[Editorial] An acceptable HHIC resolution for workers and Kim Jin-suk

Posted on : 2011-11-10 10:53 KST Modified on : 2011-11-10 10:53 KST
 the 51-year-old member of the Direction Committee of the Busan office of the Korean Confederation of Trade Unions (KCTU)
the 51-year-old member of the Direction Committee of the Busan office of the Korean Confederation of Trade Unions (KCTU)

After nearly 11 months of struggles over the Hanjin Heavy Industries and Construction (HHIC) layoff plan, a crucial turning point has arisen that may lead the way to resolution. Representatives of HHIC labor and management met yesterday to negotiate a tentative agreement in which 94 of the dismissed workers would be rehired. Should the union accept the agreement, it would open the way for Korean Confederation of Trade Unions (KCTU) Busan Office Direction Committee member Kim Jin-suk to set foot on the ground for the first time since she began her protest on Crane No. 85 at Busan’s Yeongdo shipyard on Jan. 6.

A resolution of the HHIC situation would be highly significant as a compromise among labor, management, and politicians that brings a peaceful end to a layoff issue where various interests in South Korean society have come into conflict. Neither side, labor or management, is likely to be 100% satisfied with the terms of the agreement, but it is a positive step that they each took a step back and laid the groundwork for coexistence. Politicians, for their part, held a hearing on HHIC Chairman Cho Nam-ho and developed a mediated settlement, albeit under pressure from the public. By compelling Cho to accept this settlement, they provided a foundation for the labor-management agreement.

But the largest share of credit should go to Kim Jin-suk and the Hope Bus Campaign. By staying up in the 35-meter-high crane through the four seasons since Jan. 6, Kim succeeded in drawing attention to the HHIC situation not only from South Koreans but from the international community as well. Her committed struggle awakened the public to the value of human dignity and labor, something that had been forgotten about. It is fortunate that she does not have to spend another cold winter up there. She expressed her desire to warm up in a sauna and eat some ramen, and we hope she is able to rest her weary body and spirit sooner rather than later.

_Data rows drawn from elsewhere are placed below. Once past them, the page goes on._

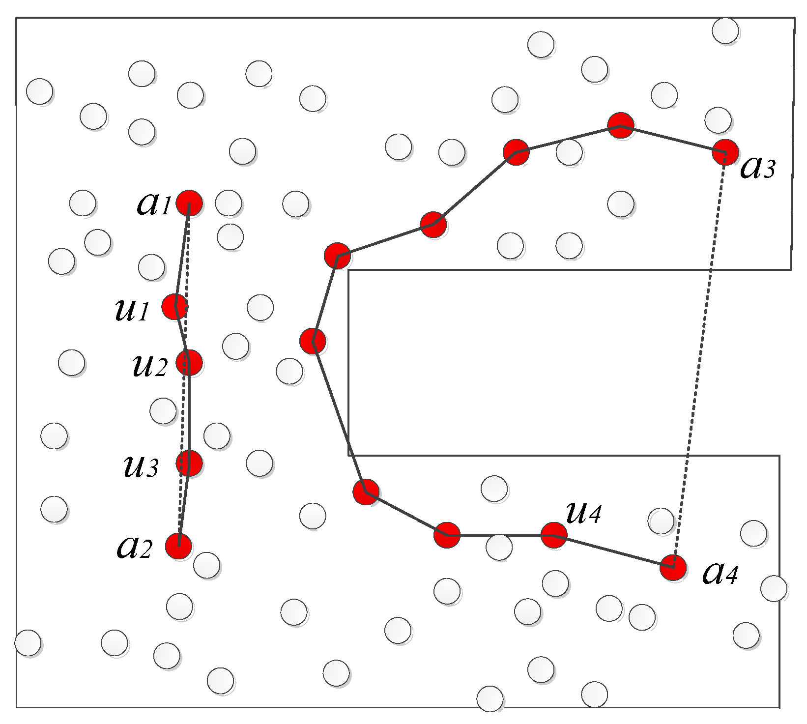 - Find the multi-hop shortest path of the target unknown node to . Record this sensor nodes passed by the path into set .
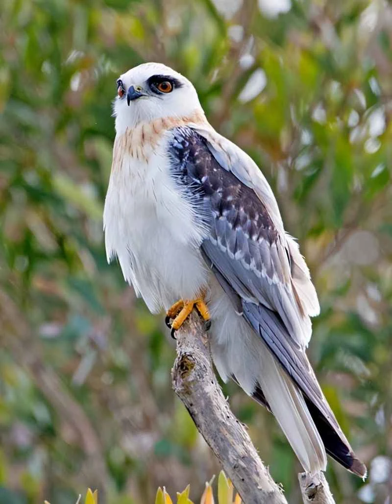 The Black-shouldered Kite is a medium-sized bird of prey with a striking appearance, featuring black or white plumage. It typically measures 33-38 centimeters in length and possesses exceptional flying and gliding abilities; its ability to hover in mid-air is unique among eagles. It has distinctly black and white plumage, bright red eyes, and yellow legs. Its diet consists mainly of rodents, insects, small birds, hares, and reptiles found in fields.
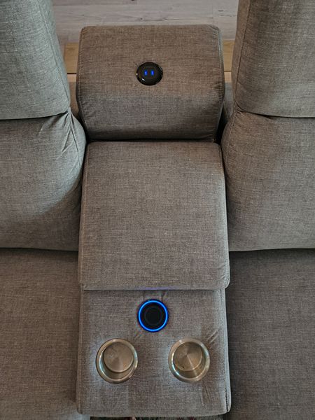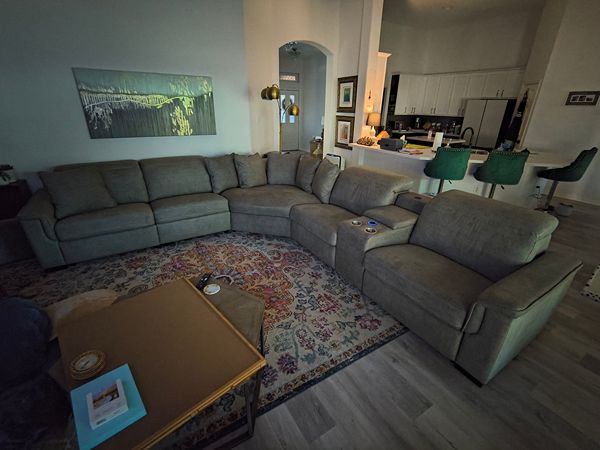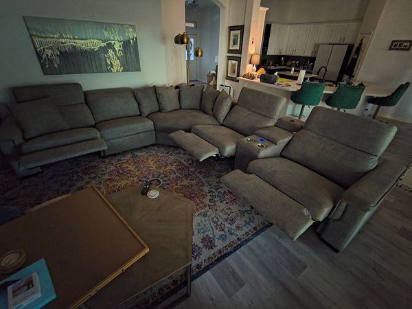 Awesome opportunity to own a like-new couch that is only a few months young! We absolutely love it but after having it delivered and seeing it in our home we realized it just doesn't go with all of our other green items in the house (for example, notice the unmatching green barstools in the background of the photos lol!) we were just so excited to finally find a sectional that had it all. After trying to ignore the obvious mismatch, we have finally decided it's time to sell it despite how perfect it is in every other way than the beautiful sage green color. It has 6 pieces to it that can be connected any way you like, including putting the media piece wherever you like. The media piece has 2 cup holders, a wireless charging spot, multiple USB ports including USB-A and USB 3.0 plus 125v and a deep storage bin for blankets, remotes, etc. The head rests and foot rests have separate controls for more customability for maximum comfort and a reset button to put it all back into place easy peasy! The fabric is sooo soft and we haven't seen any pilling. What did I tell you, the perfect sectional!! We looked long and hard for this and it's no longer sold in stores. We paid well over $2,000.

The five caravans of Hope Buses that have traveled to Busan since June were an expression of compassion and solidarity with Kim from citizens across the nation. At the same time, they represented a realization that layoffs and temporary employment are not simply the problems of others, but our own problems. Each time the buses departed, more than ten thousand people from all over South Korea were able to make their way to Busan. We need to build upon the spirit of solidarity and sharing for a world without discrimination and oppression that was evidenced with the bus campaign. There are all too many places looking for a helping hand of solidarity in a world where the 99% suffer because of the greed of the 1%.

It is extremely dismaying, however, that this hard-won agreement was unable to receive final approval from the union as police were dispatched to the Yeongdo shipyard. The police were mobilized to arrest Kim when she came down from the crane, and the union said it would not hold a general meeting of members out of concerns about this. There is a possibility that if police arrest Kim at the shipyard, the social consensus on the HHIC issue will dissipate and the tentative agreement will be as good as never reached. The government needs to ensure that she will not be arrested so that the HHIC union can quickly hold a general meeting and approve the agreement.